Leading the way were two Cambridge Lions Tier 1 teams — the atoms and peewees — who completed perfect 10-0 won-lost seasons, while earning their second straight titles on championship weekend in Brantford. The region’s results:t Tyke B: Waterloo 42, Guelph 32 Peewee Tier 3: TNT (New Tecumseth, west of Newmarket) 45, Waterloo 22
Bantam Tier 2: Cambridge 38, Clarington 7
Tyke A: Scarborough 32, Cambridge 6
Atom Tier 3: Cambridge 31, Oakville 12
Atom Tier 1: Cambridge 37, Hamilton 12
Peewee Tier 1: Cambridge 38, Hamilton 15
Seven teams — nearly 30 per cent — of all OFL entries, from one region, qualified for championship games. Five won. Coaches, players, parents and administrators credit a high level of coaching and parental commitment.
“Every age group seems to have really good coaching staffs, who engage with the kids and benefit from parental support,” said Waterloo Predators Tyke B coach Nick Andress, whose 3-5 regular season team got hot at the right time and avenged an earlier 19-6 loss to Guelph.
Kaleb Andress scored three touchdowns to lead Waterloo, while Oliver Price added two and Liam Bielaski had a single TD. Mason Balzer converted all six scores.
The Predators were a different team after midseason, said Andress, thanks in part to the addition of new offensive line coach David Warner.
“I was nervous playing against Guelph again, but we had started clicking as a unit and saved the best for last, the championship game,” Andress said.
The Cambridge Lions Tier 1 atoms, meanwhile, have simply been the best for several years. The team has won a total of six summer and fall season championships since 2014, while losing just one game during that run.
That loss, to London during this year’s summer season, was pivotal in terms of the OFL fall championship.
Cambridge had already beaten London and still won the summer league title, but the serving of some humble pie was fuel for moving forward.
“It’s the best thing that could have happened,” Cambridge coach Jordan Santos said. “It sent our kids a message. London was well-prepared, no excuses. They were the better team on that day.”

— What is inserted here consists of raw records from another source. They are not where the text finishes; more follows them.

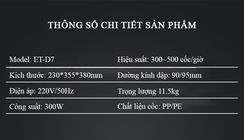 + Dập được nhiều cỡ ly từ 300ml - 700ml. Đường kính miệng ly 9 - 9.5cm
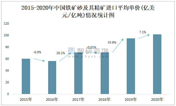 根據中國海關數據顯示:2015-2020年中國鐵礦砂及其精礦進口數量與進口金額總體呈上升趨勢;2015-2020年中國鐵礦砂及其精礦進口平均單價2019年增長速度最快,而2016年中國鐵礦砂及其精礦進口平均單價下降速度最快,下滑了6.9%。
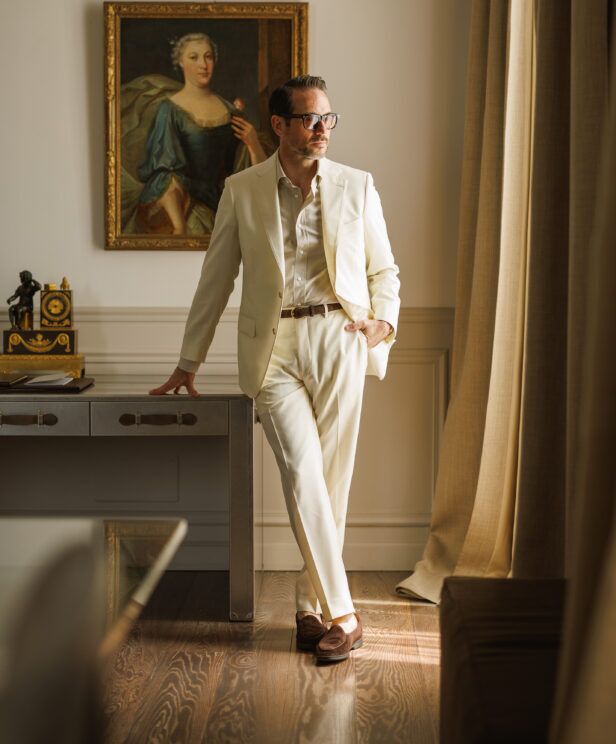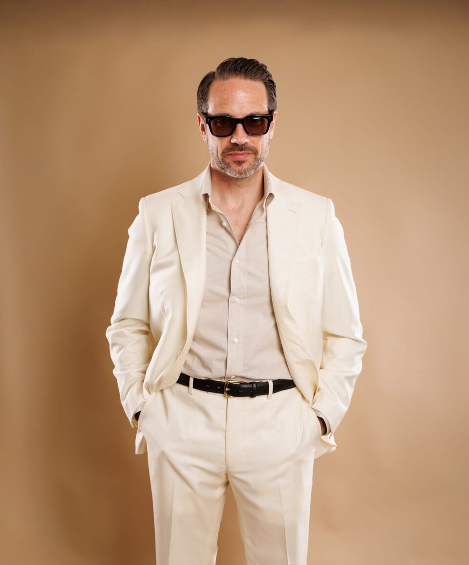 Here’s how we’d style an ivory suit for summer—tonal, textured, and with just a hint of 80s flair.
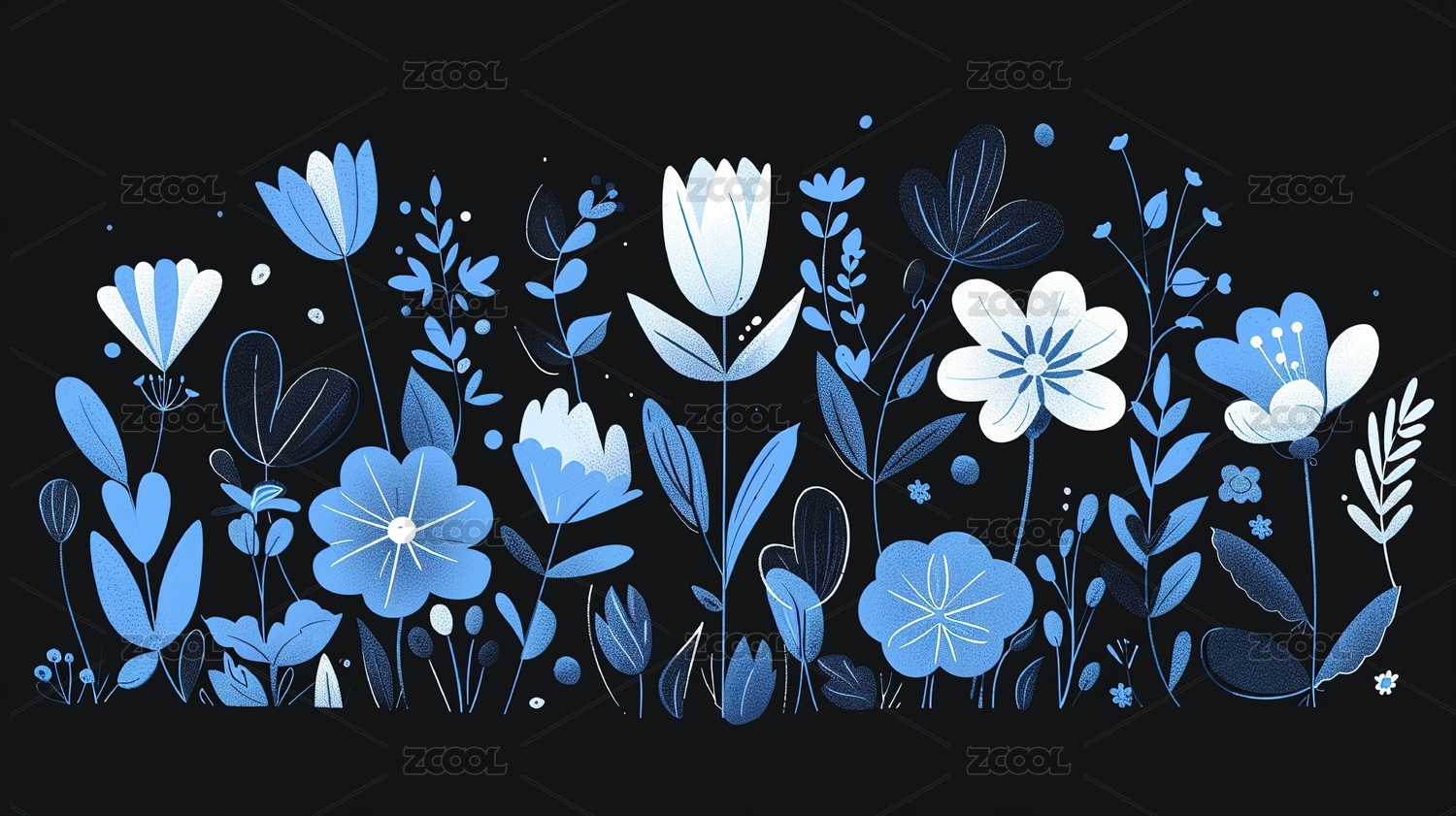 矢量卡通龙胆草草本花朵花束装饰分割线

Thanks to a five-touchdown, three extra point performance from star running back Bobby Tsilogianis in the title game against Hamilton, Cambridge was not to be denied.
“It’s tough for teams to find an answer for him,” Santos said. “He’s shifty and just has great field awareness. He’s a special player.”
But not a one-man team, despite what statistics might suggest.
“I just like trying to get better,” said Tsilogianis, who admitted to nerves before the championship game, but relaxed after scoring his first touchdown. “I feel very happy to win it with all my friends.”
A multi-sport athlete who arrived 90 minutes before Sunday’s title game after participating in a rep hockey tournament in Chicago, Tsilogianis is part of a potent backfield that features interchangeable quarterbacks Ashton Phillips — also the team’s middle linebacker — and Jack Hodge, plus running backs Gavin Kingsbury, Jordan Jacobs and Nathan Clifford.
“We’ve got a good 1-2-3 punch,” Santos said. “But Bobby is our finisher.”
The Cambridge peewees finished their own 10-0 season, but not without a challenge from their only real competition, Hamilton. The Lions, who blew everyone else out, beat the Jr. Tiger-Cats 36-18 during the regular season and ran up a 23-0 halftime lead in the title game.
But Hamilton rallied to within 23-15; and it took a key Cambridge stop on a fourth down and short Tiger-Cats gamble to retain the lead, which made the victory more satisfying for Lions coach Steve Pahl.
“Hats off to Hamilton,” Pahl said. “Most teams, down 23-0 at halftime, would have had their heads down and just wanted to get out of there; but they came at us.
“That fourth down was a momentum changer, they would have gone up on us. It’s better for our kids to win this way, to have to fight for it.”